The Chemical Manufacturing Industry (CMI) can be multinational in operation and varied in scale whilst producing the products which underpin other sectors such as: health provision; clothing; housing and shelter; food and nutrition; entertainment and leisure; transport and tourism—the very fabric of human life. The variety of activity in the sector can be said to demand that, “Process Engineering,” is a more correct term to encompass industries as widely different as food processing, minerals processing, pharmaceutical manufacture and petroleum refining. However, there is commonality in their activity where heat and mass transfer, transport phenomena, reaction kinetics, modelling and fluid mechanics are all applied in unit operations albeit to widely varying materials and situations. For this reason in this chapter we have used the term CMI to cover this spectrum of activity and the general approaches which we describe can be applied equally well to all in our opinion.
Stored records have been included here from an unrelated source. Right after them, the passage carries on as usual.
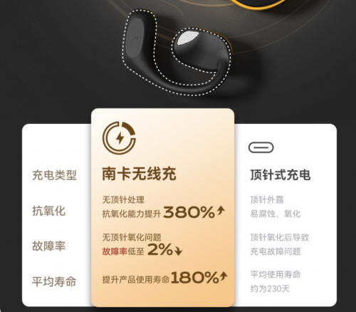 在开放式耳机里面,南卡引入了超前无线充电设计,这一举措不仅解决了行业痛点,同时也提升了产品的寿命和耳机的产品耐用性。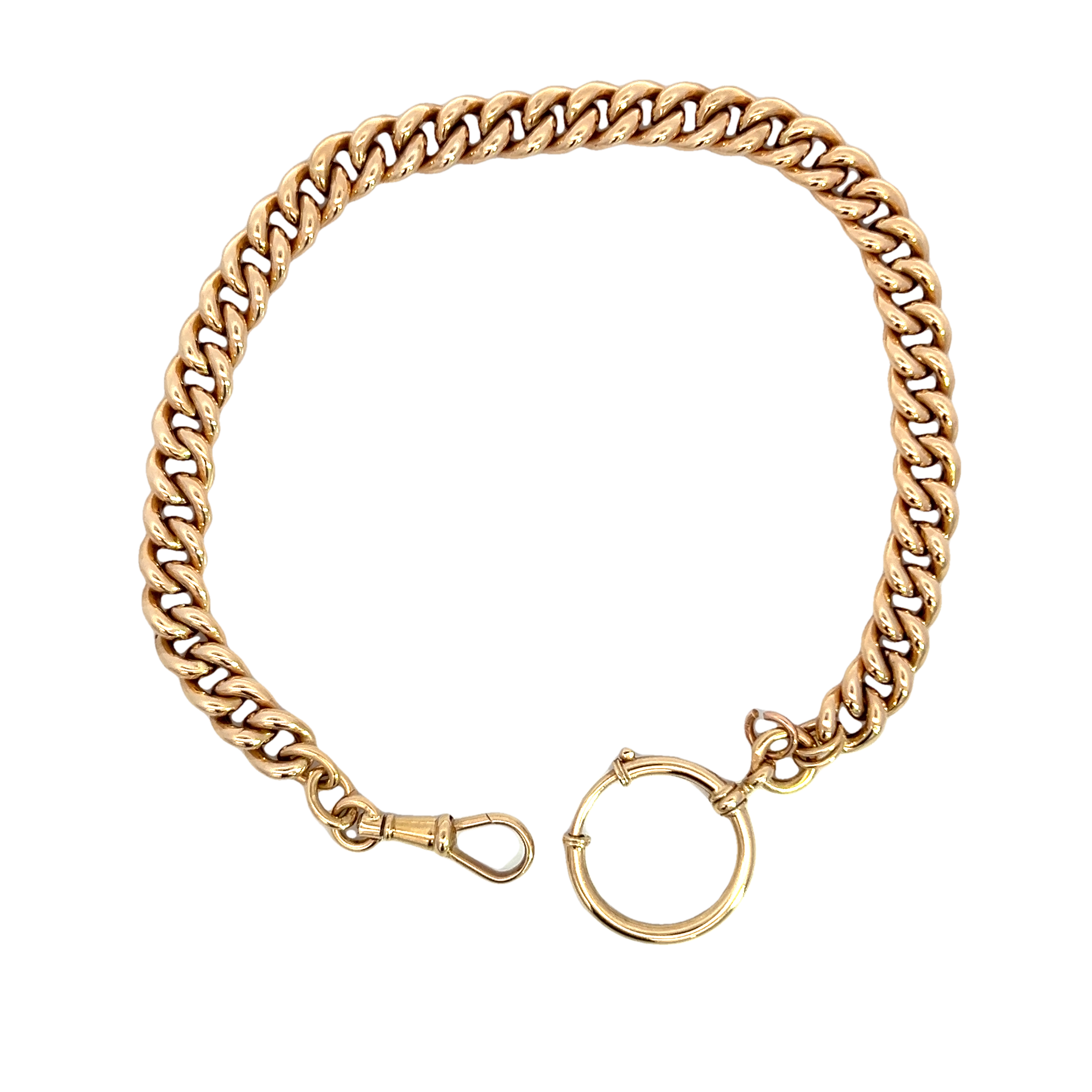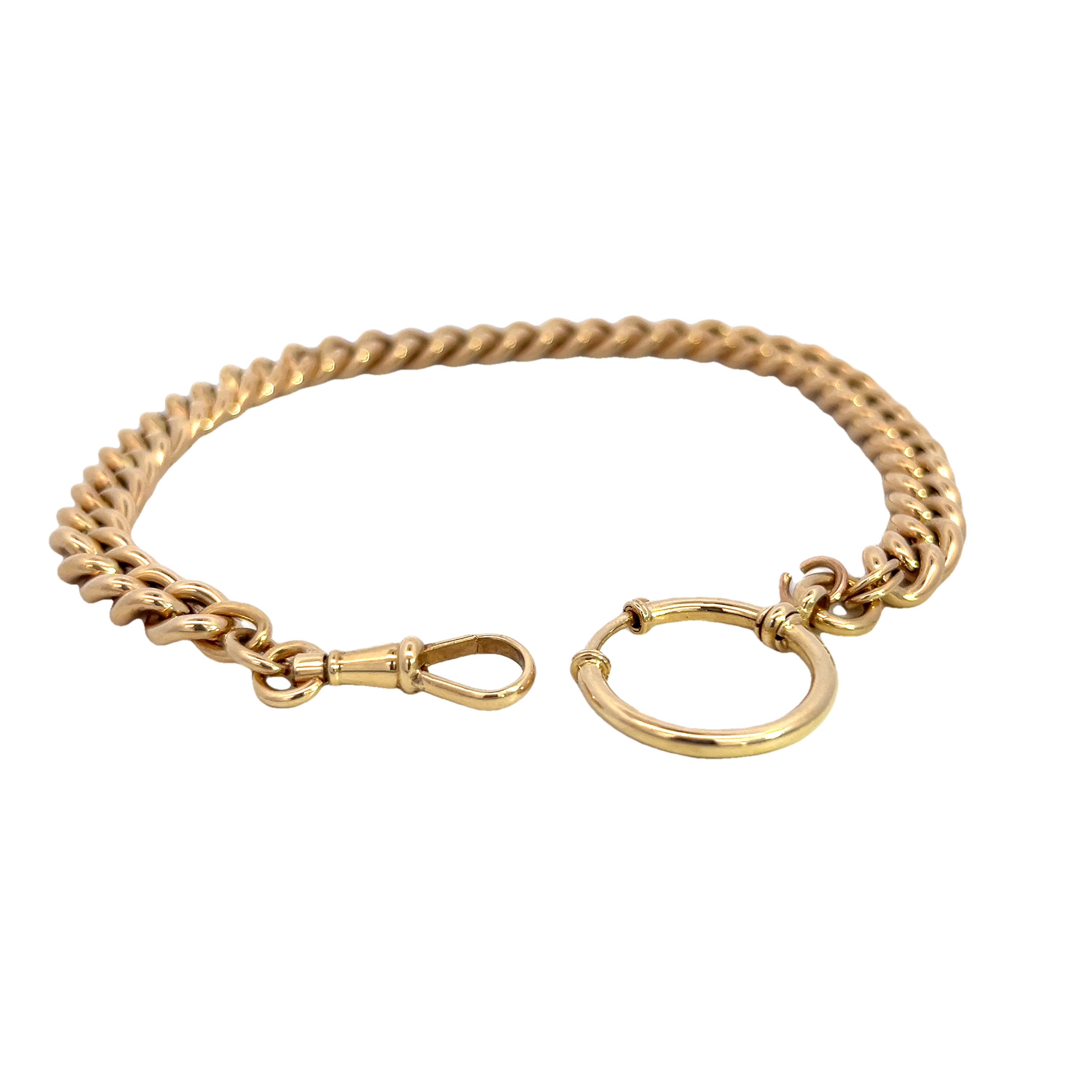 A fabulous curb link 14 carat gold watch chain traditionally used to link a pocket watch to a button hole whilst the watch sits safely in the pocket of the wearer. The bracelet is hallmarked with an oak leaf mark denoting of Netherland origin and it has been tested as 14 carat gold. The chain has an albert clasp one end and large stylised bolt ring clasp the other. Condition: Excellent Era: 1906- 1953 Approximate dimensions: 27cm in length Weight: 22.63 grams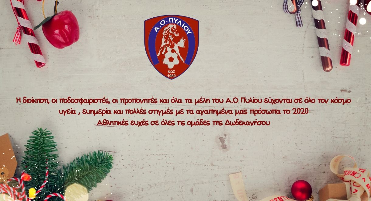 Η διοίκηση, οι ποδοσφαιριστές, οι προπονητές και όλα τα μέλη του Α.Ο Πυλίου εύχονται σε όλο τον κόσμο υγεία , ευημερία και πολλές στιγμές με τα αγαπημένα μας πρόσωπα το 2020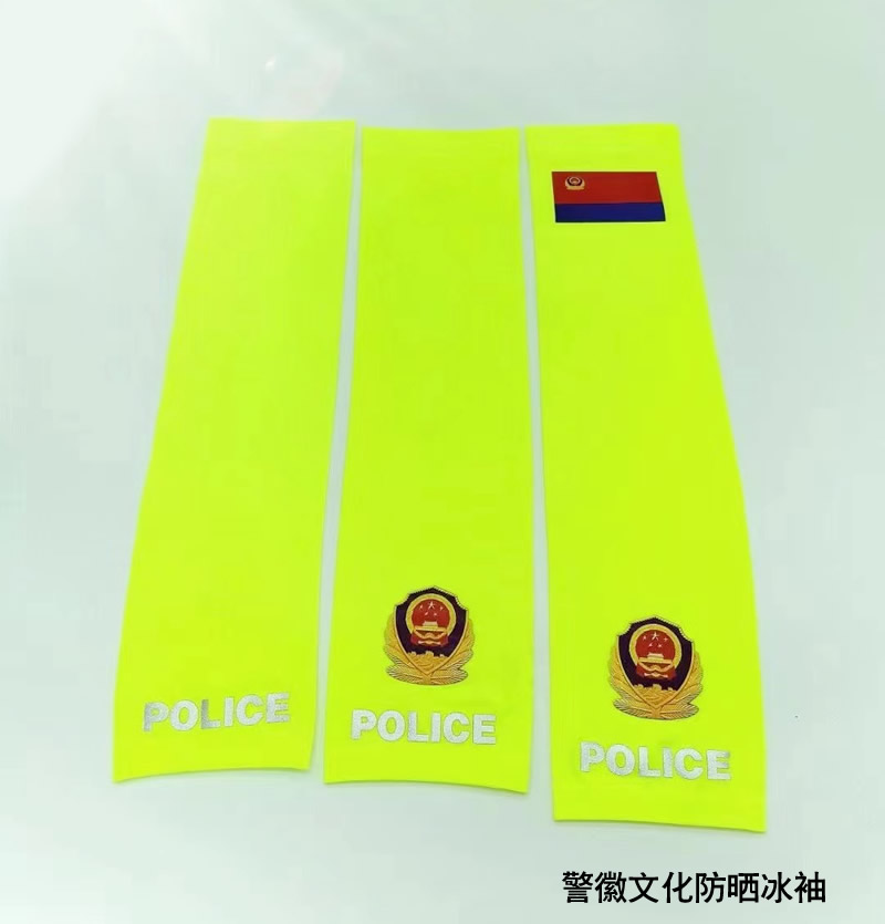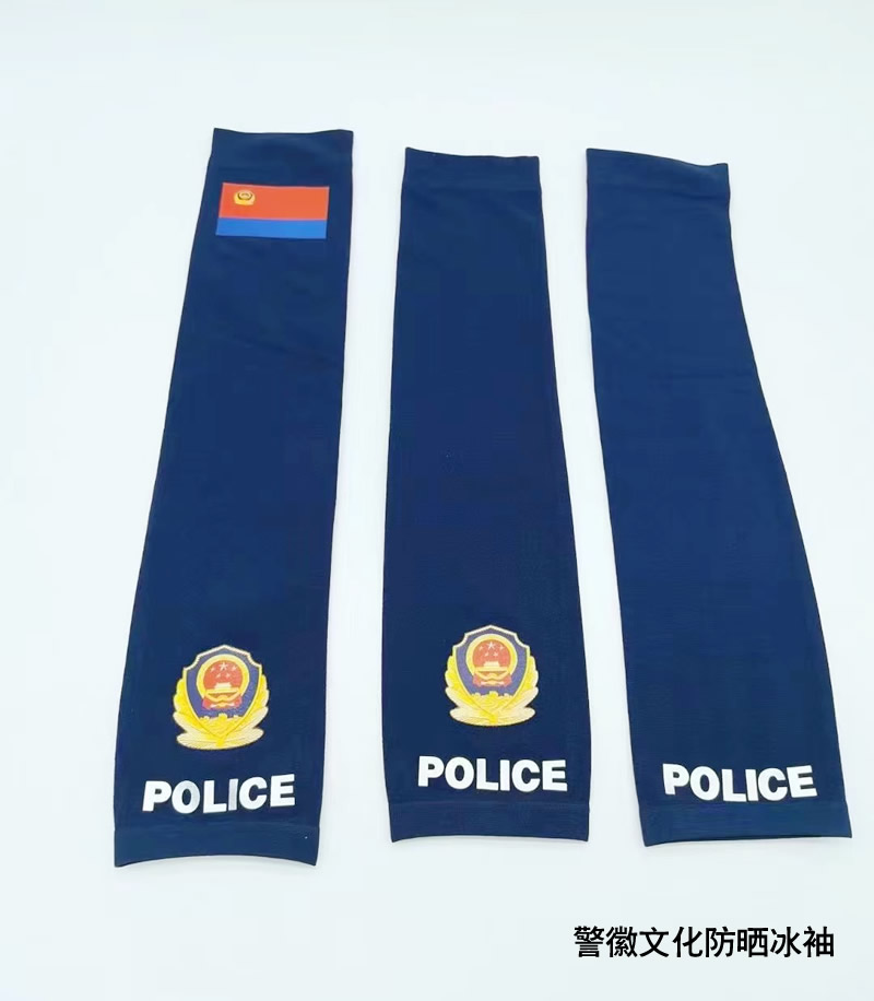 警用防曬冰袖,交警執勤防(fáng)曬護袖,警察福(fú)利產品,可根據單位需求定製反光(guāng)文字,多種顏色可選。

The products of the chemical industry are derived from inorganic, synthetic organic and biological sources which have been manipulated by a range of process operations which include classical physico-chemical processes such as synthesis, distillation, precipitation, filtration, solvent extraction and crystallisation techniques which have been supplemented by fermentation processes, the application of industrial enzymes and the genetic manipulation of microorganisms in modern biotechnology. These technologies have made a vast number of products available to promote social development and economic growth and prosperity. At the same time the chemical industry has been accused of overexploitation of natural resources, air, water and land pollution (such as by oil production in the Niger River delta, opencast mining on fragile Pacific islands and the catastrophic Deepwater Horizon oil spill in the Gulf of Mexico) and creating social problems associated with rapid industrialisation and the invasion of vulnerable societies and environments for commercial gain (witness the toxic release from the Union Carbide plant in Bhopal, India, in 1984). When Industrial Revolutions have taken place starting from Europe, North America and then into Latin America, Asia and Africa the ills of industrialisation were ignored initially, as the price to pay for progress although eventually the development of organised labour and government structures have improved the situation in many cases. Whilst accepting this historical context (Coley & Wilmot, 2000) the future development of the CMI must nowadays be viewed in the light of the concept of sustainability (Garcia-Serna, Perez-Barrigon, & Cocero, 2007) which means tackling the issues of the change from fossil fuel to bio-based raw materials and energy conservation and management (Hall & Howe, 2010).

This chapter will describe the criteria by which the CMI is judged and how sustainability is reported by the industry. It will then describe the new technologies impacting on process engineers in a sustainable CMI and finally go on to discuss whether the sustainable approach will demand a new type of process engineer and the educational implications of this demand.